IN THE MONTHS LEADING UP TO Christmas, my husband mentioned wanting a dog once. Just once. It was a moment of weakness, something he would later say never happened at all. But I definitely remember it.
We were in the kitchen, and a photo of our beloved white Labrador, Reggie, flashed on the computer screen. “I miss him,” Donald said, tears filling his eyes. “Reggie was the most loyal dog, such a friend.” Then my husband looked at me. “Maybe we should get another dog.”
Reggie was the puppy our kids had grown up with. We brought him home to Cottonwood, Arizona, when Kelsey was seven and Tyler was four, and a few Christmases later, he made the move with us to Vancouver, Washington. He was in the middle of all we did, all of life.
Year after year after year. Reggie saw us through the birth of Austin in 1997, and the adoption of Sean, Josh, and EJ from Haiti in 2001. We had acreage in the Pacific Northwest, and our five boys lived outside in all seasons.

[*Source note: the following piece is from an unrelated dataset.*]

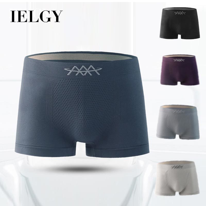 IELGY【40-75KG】men's underwear mid-waist four-corner high-elastic breathable sweat-absorbent mid-waist seamless 5D honeycomb boxer briefs

I’d look out the kitchen window and see their happy faces as they ran across the open field behind our house, Reggie always right there in the middle.
But puppies don’t stay young forever, and neither do little boys. One by one, our kids grew up and moved off to college. Only our youngest, Austin, remained at home.
And Reggie, of course, stayed. His favorite person was my husband. We’d take Reggie to our house on Lake Merwin. When that dog wasn’t out on the boat with us, he’d sit at the end of the dock and wait. Didn’t matter how long we were out on the water, Reggie would be there, paws at the edge of the worn wood, scanning the horizon, waiting.
In 2011, when Reggie was 14, we felt the Lord pulling us to Nashville, Tennessee. I’d be closer to my publisher and better positioned for the speaking events that make up my spring and fall calendars. After 25 years as a public school teacher and basketball coach, Donald was ready to retire from teaching and focus on coaching. A move would also put us closer to the college where most of our boys had landed, and just miles from Kelsey’s soon-to-be home, as she was set to marry Christian recording artist Kyle Kupecky.
“What about Reggie?” I asked Donald in the month leading up to the move.
“I’m still working through that one.” Donald stooped down to pet Reggie’s ears. “I may have to drive him there.” He grinned at our dog. “You’ll love Nashville, right, old boy?”
A WEEK LATER, REGGIE HAD A stroke. With a lot of love and prayer, in a few days, he managed to walk around. Slowly. More deliberately. Then—days before the move—Reggie had a second stroke. He couldn’t move, couldn’t eat. And like that, the time had come to say goodbye.